I know it was not the most romantic proposal, but that is all
I have. Zoey cries and hugs me with a “Yes, yes.” She says, “The
ring is beautiful.” I am feeling like one lucky son of a bitch.

Kelly and I stay seated at the table. Zoey is hurriedly on her


cell phone, calling her mom, friends, giving them the surprising
news. Kelly says, “Dad, I am proud of you.”

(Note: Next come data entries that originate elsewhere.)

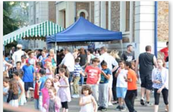
24 juin 2016 • Kermesse et spectacle musical du groupe scolaire Jean Jaurès
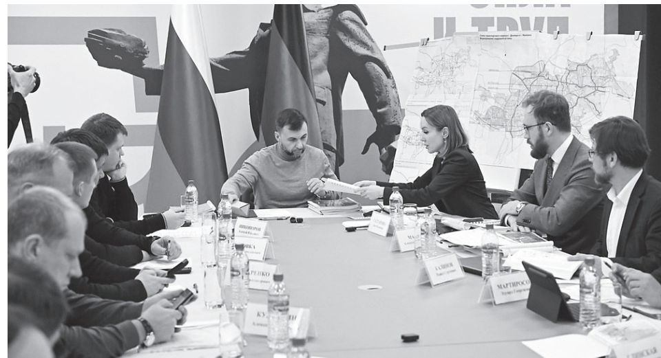
Генпланы – это основа развития муниципалитетов для долгосрочного планирования. Концепцию разработали для 12 округов ДНР

Согласно генпланам, в Артёмовске предлагается восстановить завод шампанских вин и соляные шахты, сделав акцент на переработке сырья, в Курахово – местную теплоэлектростанцию и две дамбы через водохранилище, а также запустить элеватор, хлебозавод и предприятие по производству автокомплекующих. В Великой Новосёлке – отремонтировать четыре
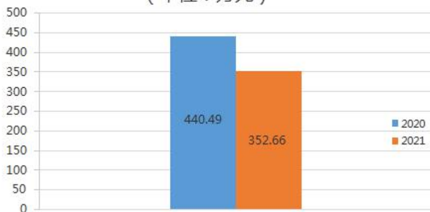
财政拨款收入支出决算总计变动情况 (单位：万元)

2021 年度财政拨款收、支总计 352.66 万元。与 2020 年度相比，财政拨款收、支总计各减少 87.83 万元，下降 19.94%。主要是人员奖金经费减少。
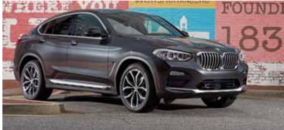
BMW X4 2019 ofrece tecnologías de vanguardia y actualizaciones estéticas sumamente acertadas.

El motivo de nuestro viaje es que llegará a nuestro mercado en el segundo semestre de 2018, así BMW México nos permitió ponerle las manos encima, pero las sensaciones de manejo vendrán después. El diseño exterior del nuevo BMW X4 es un caso de estudio en dinámica muscular y presencia imponente. La superficie limpia y los acentos modernos de primera clase encabezan esta interpretación actualizada de la inconfundible estética X4. Este ejemplar asume el papel de atleta llamativo en la familia de modelos BMW X. El interior del nuevo BMW X4 emana un toque moderno y de alta calidad combinado con un atractivo dinamismo. La disposición centrada en el conductor de la cabina, el panel de instrumentos bajo y la posición de asiento ligeramente elevada ayudan a crear una experiencia de conducción muy segura. Los asientos deportivos redise-
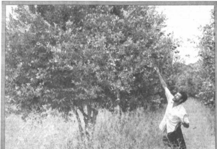
Cosecha en Espejos

"A partir de estas decisiones que hemos adoptado tendremos información mucho más completa y cabal para iniciar las acciones legales pertinentes. Como sabemos, el uso indebido de títulos profesionales o la usurpación de funciones están penadas por ley", indicó.
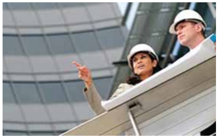
บุคลากรระดับหัวกะทิในด้านต่างๆ ของ Honeywell

Honeywell เป็นองค์กรขนาดใหญ่ระดับโลก ที่มุ่งมั่นไปที่การพัฒนาเทคโนโลยีเพื่อตอบสนองความต้องการของลูกค้าโดยผลิตภัณฑ์ที่ผลิตออกมาจะต้องเป็นผลิตภัณฑ์ที่ดีที่สุดสำหรับลูกค้าเท่านั้นทั้งหมดนี้เพื่อช่วยเหลือทางด้านการขายและการบริการหลังการขายให้แก่ตัวแทนจำหน่ายและผู้ออกแบบและติดตั้งระบบงาน โดยยึดคำมั่นสัญญาว่า “พวกเรากำลังสร้างโลกที่มีความปลอดภัยมากกว่าเดิม ด้วยนวัตกรรมการผลิตที่ดีที่สุด” ด้วยความต้องการเป็นผู้นำอย่างต่อเนื่องในด้านการผลิตอุปกรณ์รักษาความปลอดภัยของโลก Honeywell ได้ใช้งบประมาณถึง 70 ล้านเหรียญสหรัฐต่อปีในการวิจัยและพัฒนาผลิตภัณฑ์ซึ่งทำให้ผลิตภัณฑ์ของ Honeywell มีความโดดเด่นทางด้านเทคโนโลยีที่ทันสมัยและมีความน่าเชื่อถืออยู่เสมอโดยการใช้อุปกรณ์และเครื่องมือการผลิตที่ทันสมัยเพื่อผลิตผลิตภัณฑ์ที่ดีที่สุดผลิตภัณฑ์หลัก ประกอบด้วย
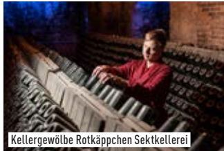
Kellergewölbe Rotkäppchen Sektkellerei
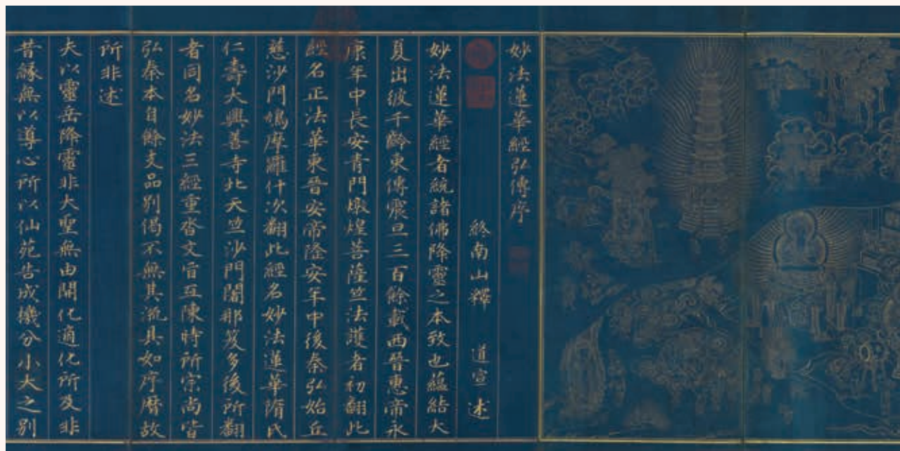
圖1 《妙法蓮華經》 元至順元年（1330）僧元浩、朱珺泥金寫繪本 卷1 國立故宮博物院藏

特別值得指出的是卷二「火宅喻」的表現（圖2），除了常見的羊車、鹿車、牛車外，還畫了一輛由大象拉的華麗大車，應當是經文中
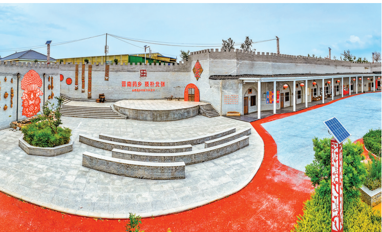
▲康养产业集群——北张民俗文化馆
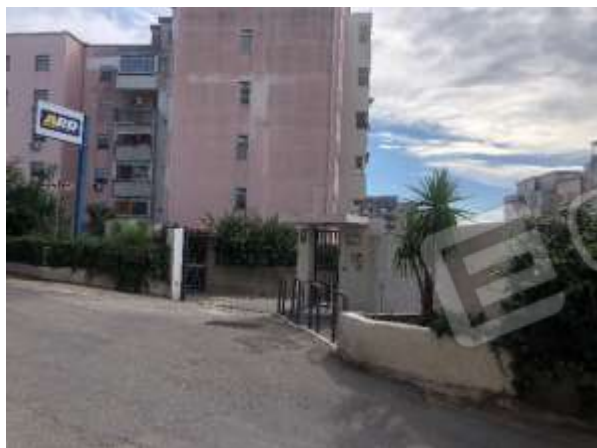
Figura 2 – Ingresso del complesso “Residence Puglisi”
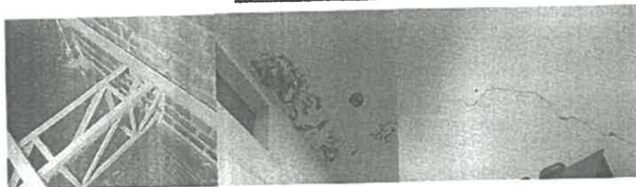
Figura 1. Deterioro estructural del centro cultural
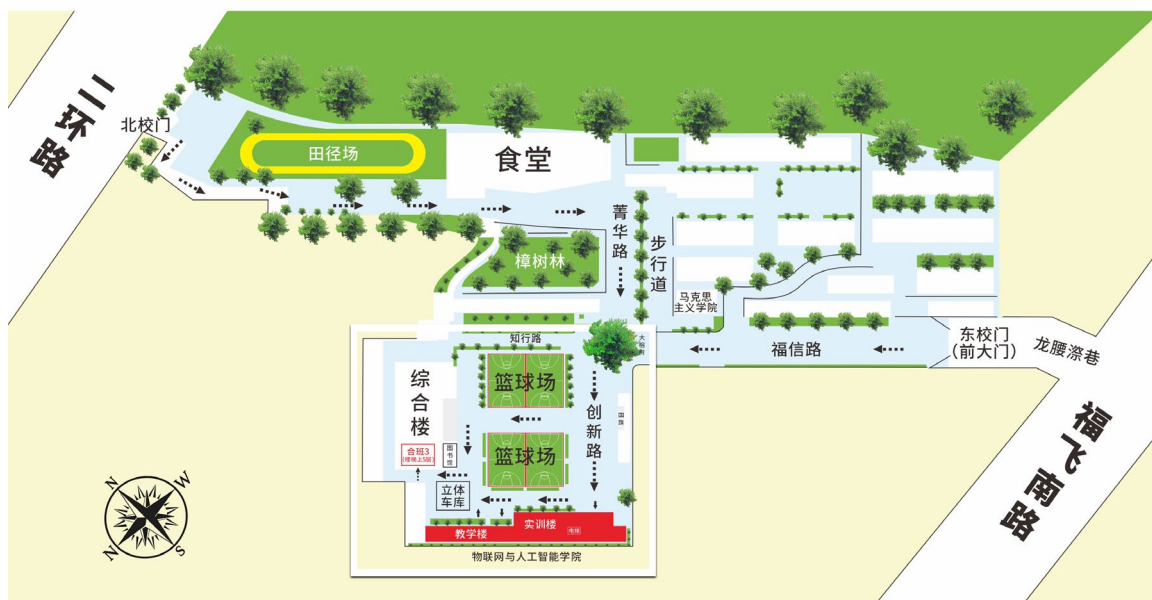
福建信息职业技术学院（龙腰校区）
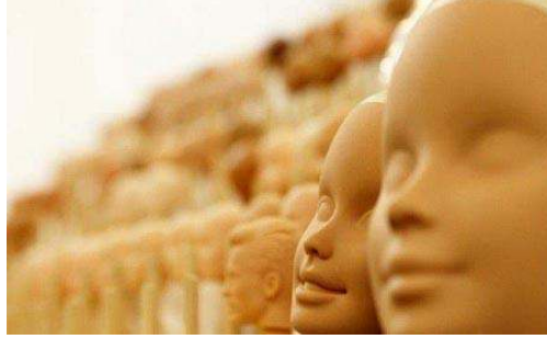
صورة رقم (٢٦) رؤوس دمي باربي

ولكى تبدو عيون الدمي بذلك المظهر المميز فقد ابتكرت الشركة طريقة تعتمد على أقنعة معدنية للوجه مفرغ فيها فتحات للعين كما فى الصورة رقم (٢٧) لرش مخضب ذو قاعدة مائية مطورة
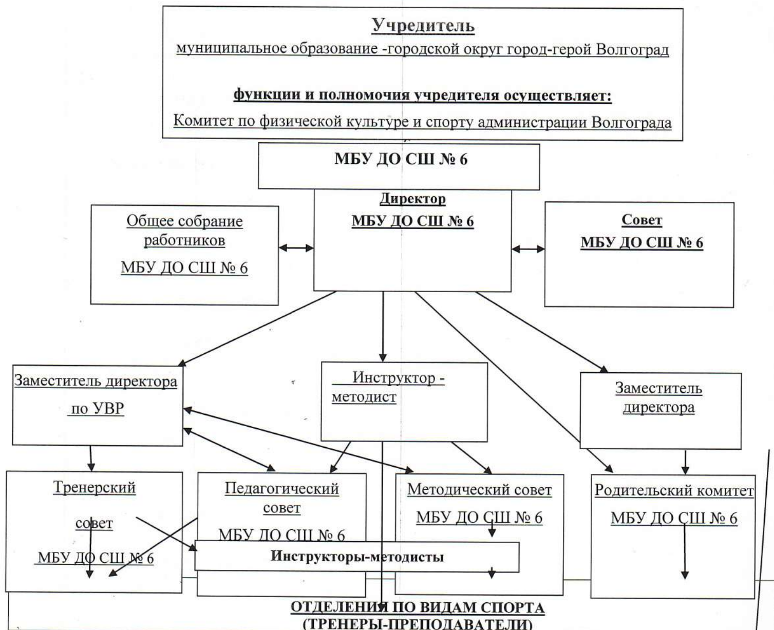
Схема структуры управления учреждения
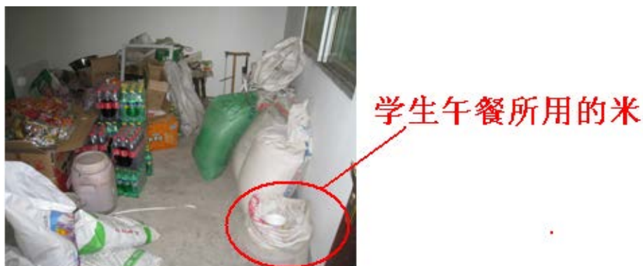
图5 存储食材情况图

(4) “餐具消毒”项得 1 分，理由是该校的学生都是自带餐具，自行保管，无消毒环节，也无相应记录。
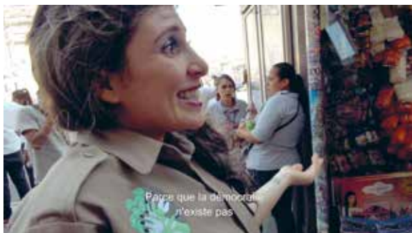
Liv Schulman, A Somatic Play , 2019 Video 4k couleur 32 min. © Liv Schulman

■ SECOND VOLET du samedi 21 février au samedi 30 mai Vernissage Samedi 21 février à 16h
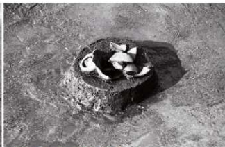
(3)ST17東溝 遺物出土状況(東より)
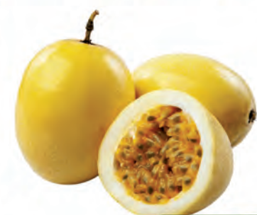
Maracujá Azedo Kg
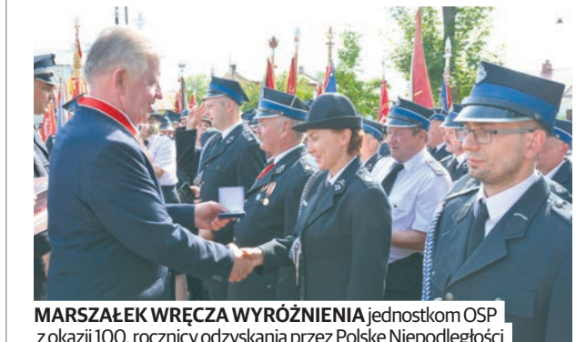
MARSZAŁEK WRĘCZA WYRÓŻNIENIA jednostkom OSP z okazji 100. rocznicy odzyskania przez Polskę Niepodległości

Strażacy z całego województwa lubelskiego wzięli udział w uroczystych obchodach Wojewódzkiego Dnia Strażaka 2018 połączonych z obchodami 160-lecia istnienia Ochotniczej Straży Pożarnej łączna.
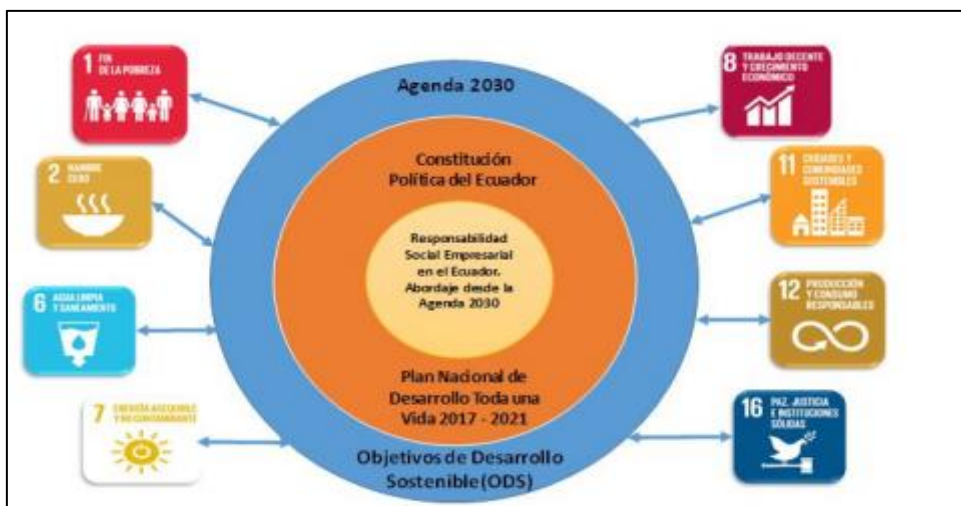
Figura1. Proyecto Ecuador 2030
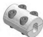
Puntale per crimpatura manuale
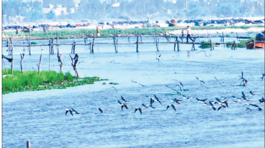
रामगंगा नदी पर अठखेलियां करते प्रवासी पंछी।

और दोबारा आसमान की ओर रुख करता दिखा। मौसम में बदलाव के साथ अब ये प्रवासी पंछी अपने मूल स्थानों की ओर लौटने लगे हैं। वन विभाग के अधिकारियों के अनुसार पिछले कुछ महीनों से नदी किनारे डेरा डाले इन पक्षियों की अब वापसी शुरू हो गई है।
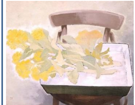
満田天民《菜の花》1954年

南大隅町出身の野添草郷(1897～1985)、薩摩川内市出身の松井黎光(1900～1974)、都城市出身の花房芳洲(1905～1980)、鹿児島市出身の満田天民(1905～1985)、知覧町出身の村永定観(1919～1992)ら5人の日本画家にスポットを当てます。洋画王国・鹿児島にゆかりがありながら、日本画の魅力にひかれ、伝統の技法を守りつつ、現代的な表現を生み出していった画家たちです。
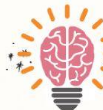
Menentukan Tema Gambar
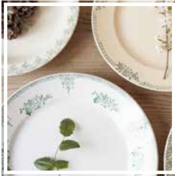
26051 PLATTE BLAU-GRÜN 26-30 cm
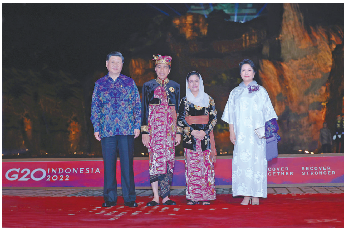
当地时间11月15日晚，国家主席习近平和夫人彭丽媛在印度尼西亚巴厘岛出席二十国集团领导人峰会欢迎晚宴。这是习近平主席夫妇在晚宴前同印度尼西亚总统佐科夫妇合影。
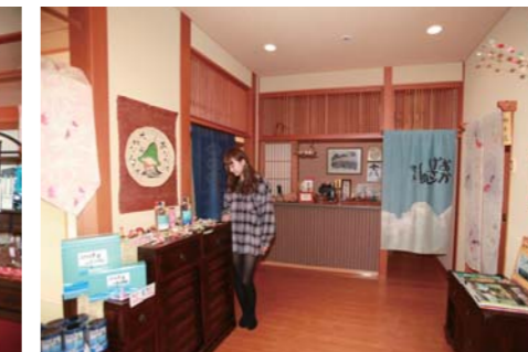
館内では趣のあるおみやげをたくさん見かけます。
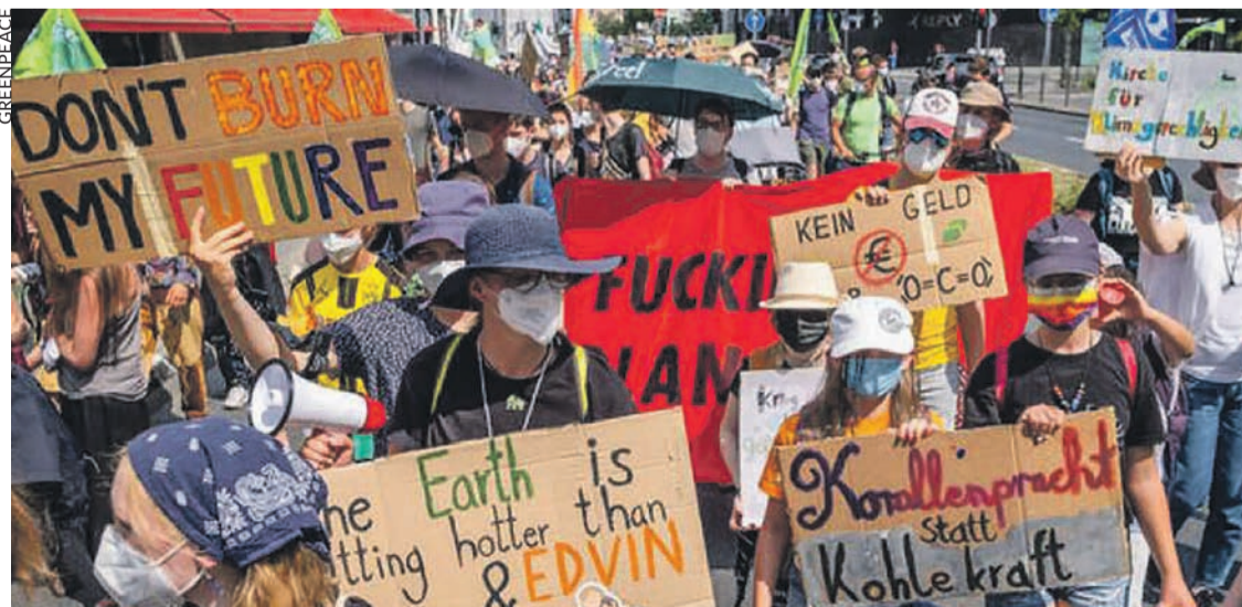
Manifestation pour le climat en Allemagne.
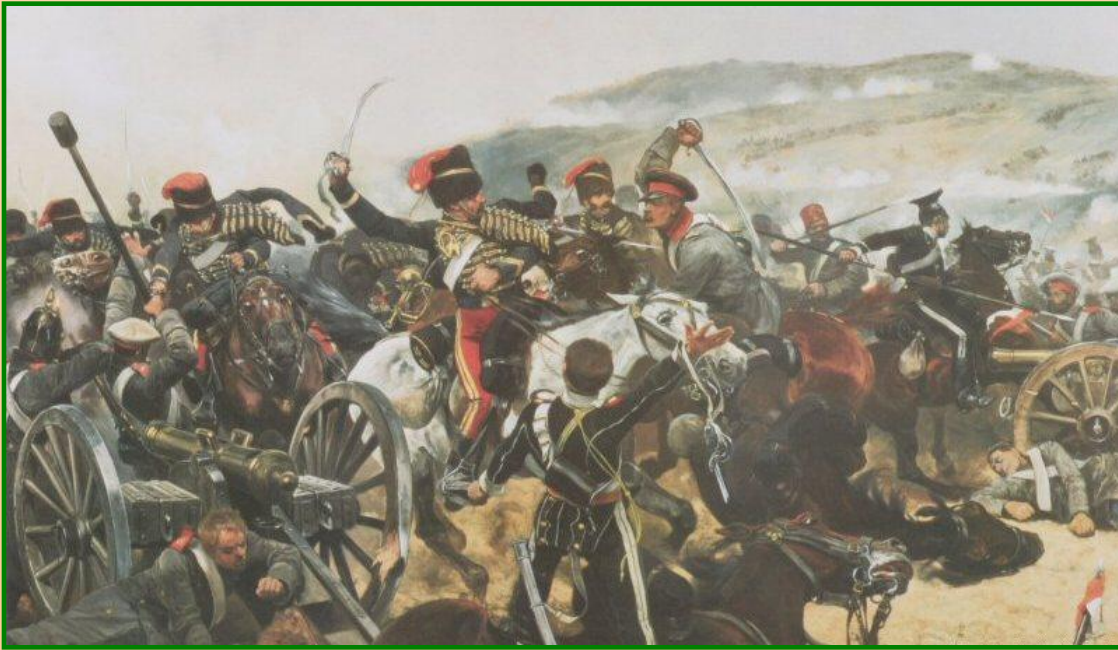
Сражение русской и английской кавалерии

Затягивание боевых действий и большие потери вызывали недовольство в Англии и Франции. В августе 1855 г. была предпринята последняя бомбардировка. Союзники заняли Малахов курган и защитники города, перейдя по мосту через бухту, оставили город. После падения Севастополя были оставлены Анапа, Керчь, Еникале и Кинбурн.
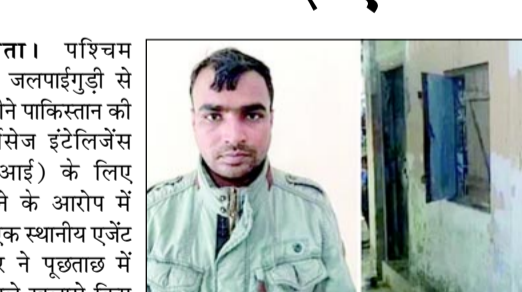
पृष्ठताड़ के दौरान किया। इतना ही नहीं उसने स्वीकार किया है कि वह इसकी तैयारी कर रहा था, लेकिन काम को अंजाम देने से पहले ही वह गिरफ्तार हो गया। पुलिस के सूत्रों के अनुसार, जब उसे गिरफ्तार किया गया, तब वह क्षेत्र में भारतीय सेना और वायुसेना के ठिकानों पर तैनात अधिकारियों के मोबाइल नंबर और तस्वीरें जुटा रहा था। पृष्ठताड़ में उसने बताया कि उस
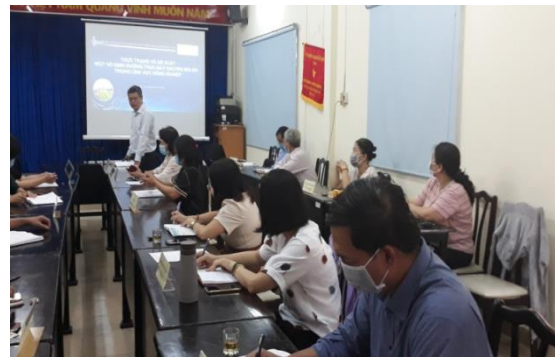
Hình ảnh buổi tập huấn nhận thức Chuyển đổi số trong ngành nông nghiệp cho các Trưởng, Phó Trạm và Phòng trực thuộc TTKN TP.HCM

Chương trình Chuyển đổi số của TP.HCM nói chung và ngành nông nghiệp Thành phố (TP) nói riêng, Trung tâm Khuyến nông (TTKN) TP đã có nhiều hoạt động về Chuyển đổi số trong ngành nông nghiệp.
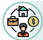
Tavola rotonda con orientatori e imprese sul tema STEM - fine gennaio

Uno degli stereotipi esistenti dentro il sistema formativo è quello di una presunta scarsa attitudine delle studentesse verso le discipline STEM (Scienza, Tecnologia, Ingegneria, Matematica) che conduce a un divario di genere in questi ambiti sia nelle scelte del percorso di studi che nelle scelte professionali.

Around 11 pm, we all head to bed. Soon as my head hits


the pillow, Zoey is on top of me, kissing and telling me, “This is
the happiest moment of her life.”

Dozing off, I look at the ceiling and smile, thinking to


myself, “I still have a secret about Dad I could never speak about,
ever.” That thought brings back the images of Dad drowning in the
tub and what I did. I tell Zoey I have a headache and grab an Aleve
PM to help me sleep. If I were not in such a good place, this would
drive me to have a drink. I am working extremely hard to stay
sober to obtain my six-month chip soon. The following day it is a
happy household, Kelly getting ready for school and me for work,
Zoey still calling friends about our engagement. As the elevator
doors open, Candy says, “Did you ask her?” “I did, and the answer
is yes, and she loved the ring.” During the morning, my fellow
employees would stop by and congratulate me.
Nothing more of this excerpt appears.